**Task**
Leave the pictures out. Retype exactly the lines below from the one containing "所有就业类移民类别(EB-1" through the one containing "Ручной спиральный нож", and no others.

**Listed entries**
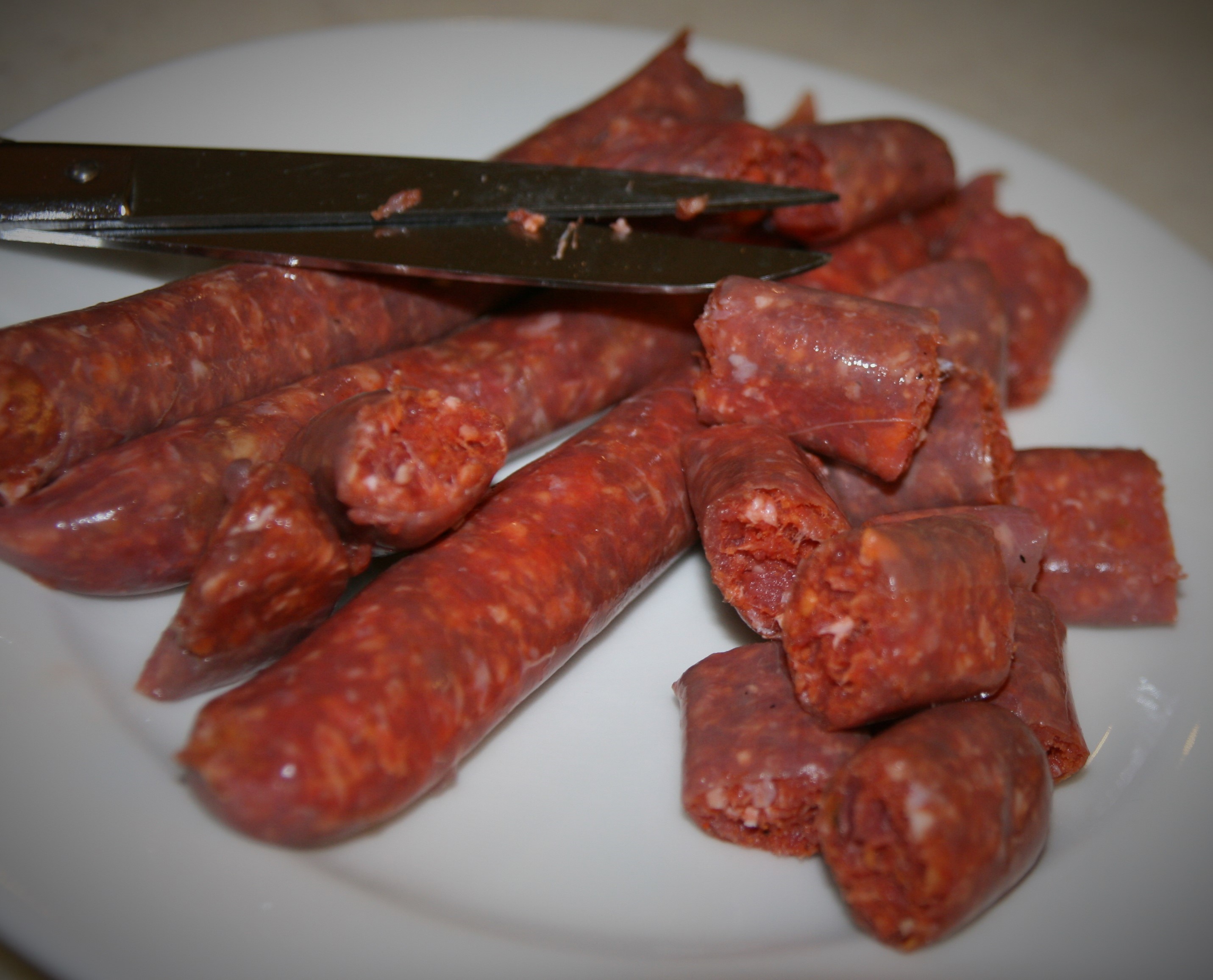 Pendant la cuisson des oignons : couper les merguez en morceaux à l’aide de ciseaux.
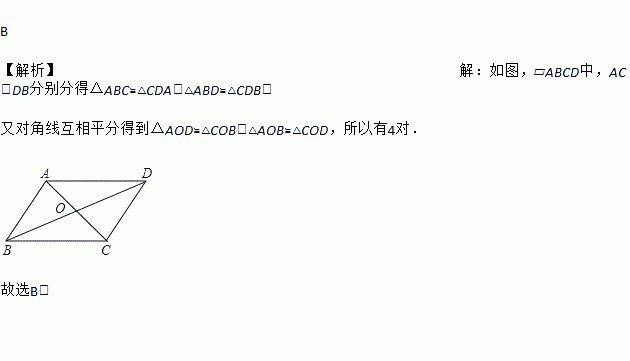 平行四边行的两条对角线把它分成全等三角形的对数是( )
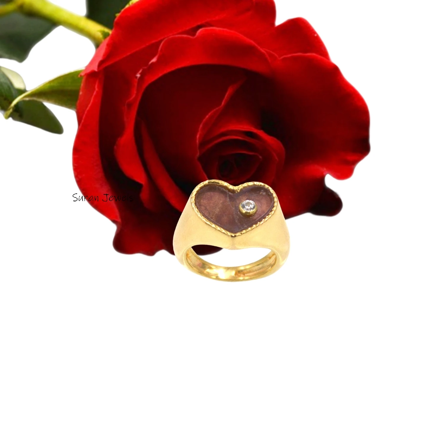 Express love and elegance with our 14K Gold Gemstone Heart Signet Ring. A timeless design with a vibrant gemstone. Wholesale from Suren Jewels.
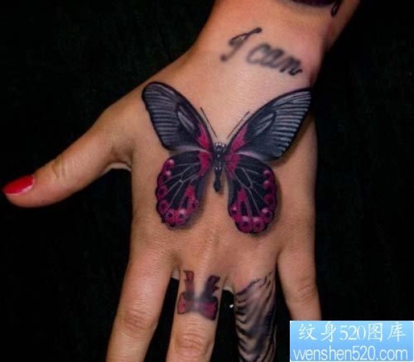 女人手背潮流漂亮的蝴蝶纹身图片_蝴蝶纹身图案大全_纹身图吧
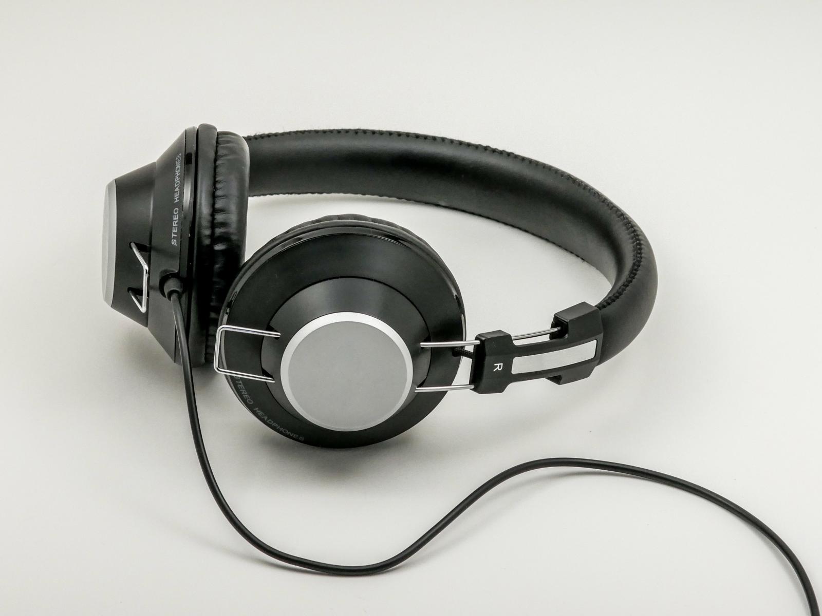 Wallpaper Big black headphones on gray background
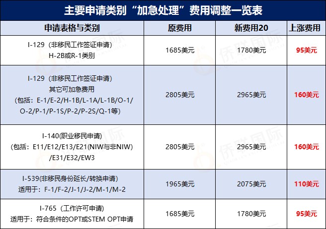 所有就业类移民类别(EB-1、EB-2、EB-3等):由2805美元涨至2965美元。
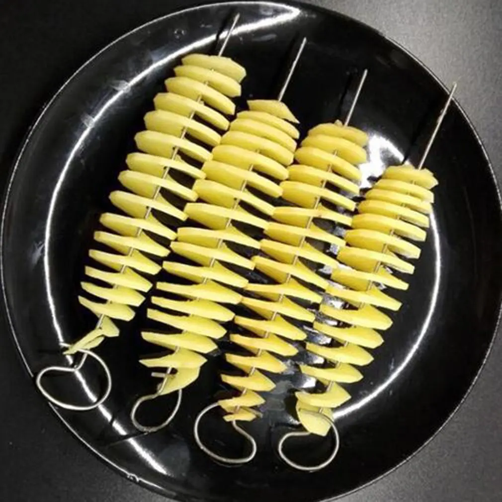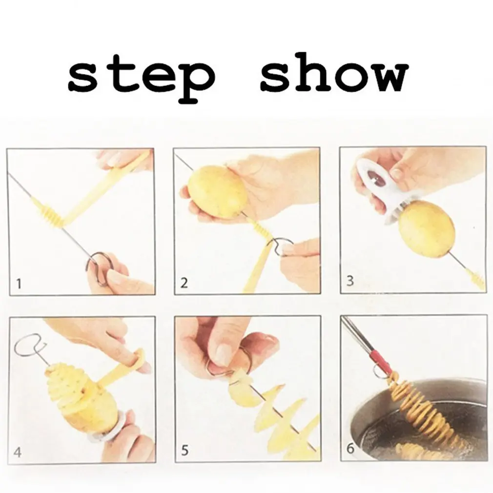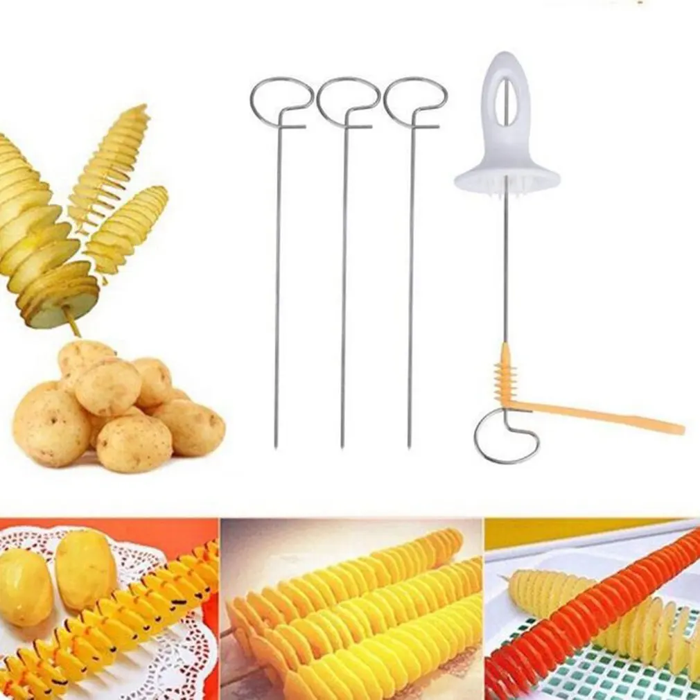 Ручной спиральный нож для картофеля, ручной слайсер, слайсер для жарки, овощей, спиральный измельчитель чипсов с 3 нержавеющими стальными палочками, кухонные приспособления
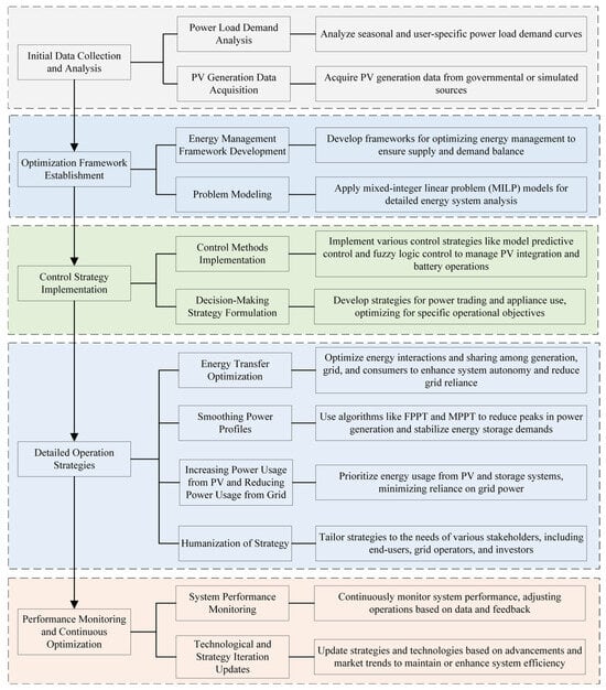 This review follows a progressive logic of “foundational analysis→system integration→ dynamic optimization→summary and outlook” to construct a multi-level research framework: First, at the foundational layer (Section 2 and Section 3), by analyzing the technical potential of photovoltaic (PV) power generation—such as the efficiency of Building-Integrated Photovoltaics (BIPV) and temperature effects—and the complementary characteristics of energy storage systems (ESS) (e.g., battery lifespan and hydrogen-based long-duration energy storage), the boundaries of their standalone performance and the necessity for synergy are clarified. Second, at the integration layer (Section 4), a PV-ESS collaborative configuration method is proposed. A multi-objective optimization model balances economic costs—including the Levelized Cost of Energy (LCOE) and Net Present Value (NPV)—with environmental goals (carbon emission reduction), achieving system-level design. Subsequently, at the optimization layer (Section 5), the framework extends from static design to dynamic operation. Intelligent strategies such as time-of-use electricity price response and Vehicle-to-Grid (V2G) technology are employed to enhance system flexibility. Finally, at the summary and outlook layer (Section 6), the review summarizes key research findings on the integration and optimization of PV systems and ESS in buildings and highlights its contributions to interdisciplinary research directions (e.g., Artificial Intelligence (AI)-driven forecasting and retired battery reuse).
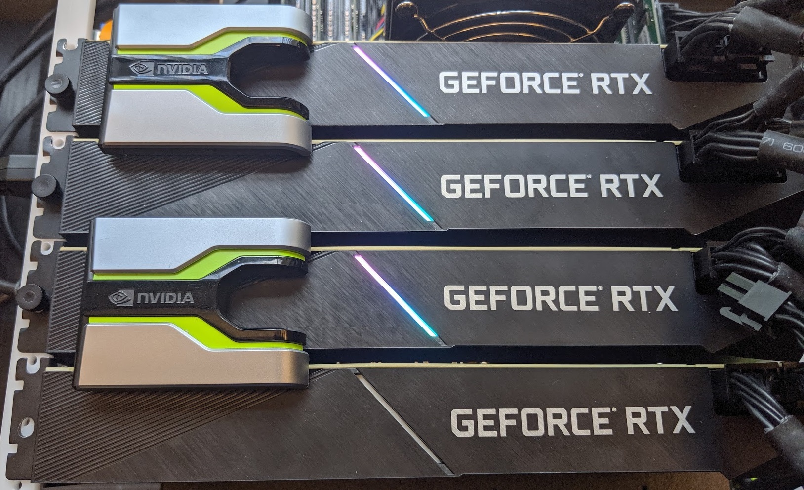 In light of that experience, I've taken time in the last couple of weeks to go through and test several different NVIDIA drivers on two configurations: four GeForce RTX 2080 Ti cards as well as four Quadro RTX 6000s, both set up in two physically bridged pairs. In this article I will chronicle what I found worked, what didn't work or behaved oddly, and where we are at with this as a company as a result.
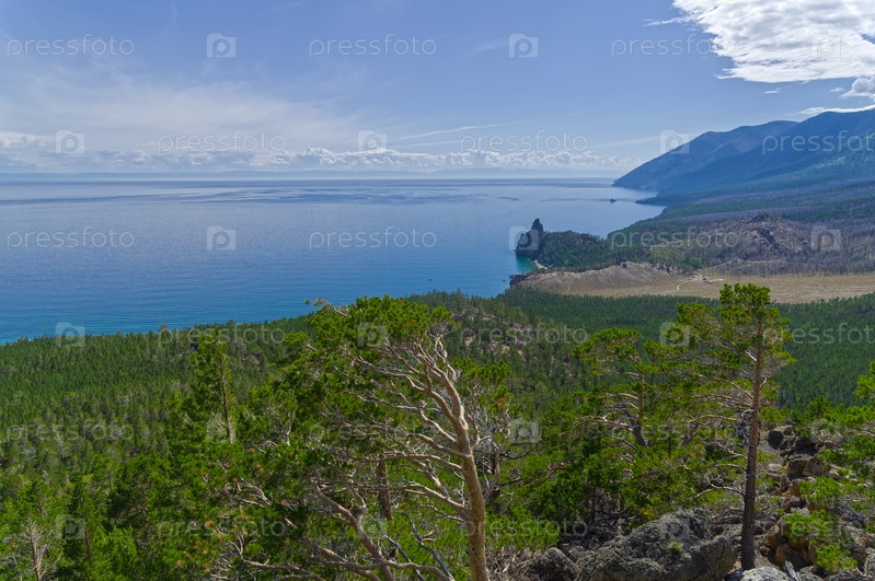 Вид на берег озера Байкал со склона прибрежной горы. Иркутская область, Россия. Август
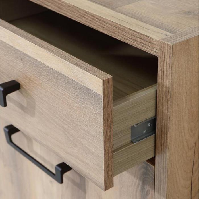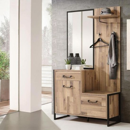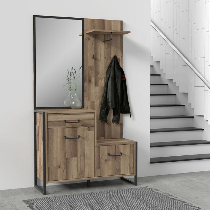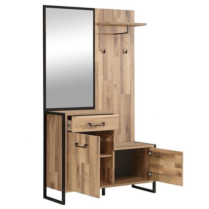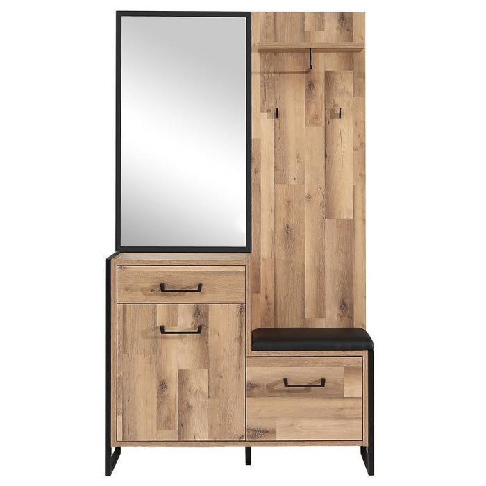 Zaaranżuj swój przedpokój i podstaw na uporządkowaną przestrzeń! Kolekcja Hud to nowoczesne i stylowe meble do przedpokoju wykonanych z wysokiej jakości materiałów. Całość świetnie sie prezentuje - wyraźny motyw dębowych klepek nie tylko tworzy ciekawy wizualnie element, ale delikatnie maskuje drobne zabrudzenia. Konstrukcja wsparta jest na czarnych płozach, które nie tylko zapewniają stabilność, ale są także świetnym elementem dekoracyjnym wraz z czarnymi uchwytami i haczykami. Regał będzie świetnie prezentował się w nowoczesnych, loftowych wnętrzach. Projekt został bardzo dobrze przemyślany. Znajdzie się tu miejsce by położyć kapelusz, zawiesić płaszcz czy schować buty.

**Exercise output**
 所有就业类移民类别(EB-1、EB-2、EB-3等):由2805美元涨至2965美元。
 Ручной спиральный нож для картофеля, ручной слайсер, слайсер для жарки, овощей, спиральный измельчитель чипсов с 3 нержавеющими стальными палочками, кухонные приспособления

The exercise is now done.